E3S Web of Conferences (Jan 2024)
Analyzing Twitter Users’ Sentiments on the Surge of Fuel Oil Prices in Indonesia using the K-Nearest Neighbor Algorithm
Abstract
Sentiment analysis offers an effective solution for automating the classification of text data based on polarity, facilitating the assessment of public opinion. Among various social media platforms, Twitter stands out as a significant source of concise textual data reflecting users’ viewpoints on diverse topics. Notably, the recent surge in the price of fuel oil (BBM) in Indonesia has sparked considerable discussion and expression on Twitter.

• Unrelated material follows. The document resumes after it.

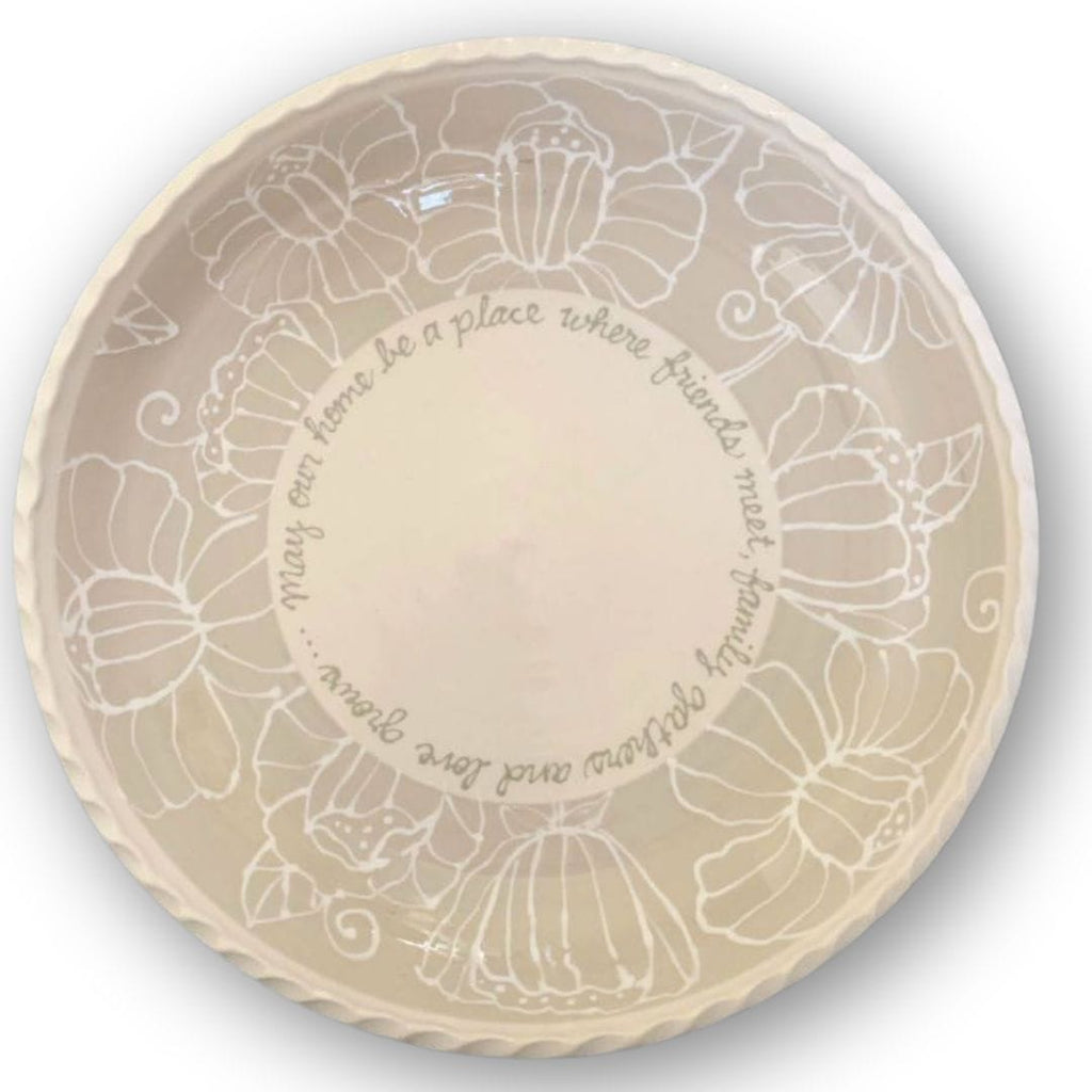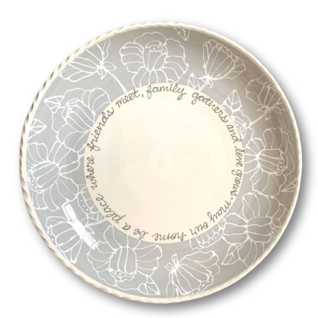 Our new Blessing Serve bowl is an addition to our Blessing Bowl collection. This bowl is perfect for serving, celebrating and decorating any space in your home. The bottom interior of the bowl can be personalized. Give the perfect gift, personalized to remember an important event or milestone. Approximate diameter of 12." and height of 1.75".

In this study, our objective was to perform a comprehensive sentiment analysis of Twitter users’ reactions to the rising fuel prices in Indonesia by employing the K-Nearest Neighbor (K-NN) algorithm. The research followed a structured approach encompassing data collection, text preprocessing, data labeling, feature extraction, data splitting, classification, and algorithm performance evaluation. The results revealed a dominance of negative sentiments among the 5,000 collected tweet data. The sentiments were categorized as 54.6% negative, 31.8% positive, and 13.6% neutral. This indicates a prevailing level of dissatisfaction and concern expressed by Twitter users regarding the fuel price increase. The K-NN algorithm’s classification performance was most promising when evaluated in an 80:20 data ratio experiment, yielding an accuracy rate of 65%, precision of 74%, recall of 45%, and an error rate of 35%. These findings suggest that the K-NN algorithm is valuable for effectively gauging public sentiment towards the escalating fuel prices in Indonesia. This research highlights the potential of sentiment analysis and the K-NN algorithm in assessing public reactions to significant events, providing valuable insights for policymakers and stakeholders in the energy sector.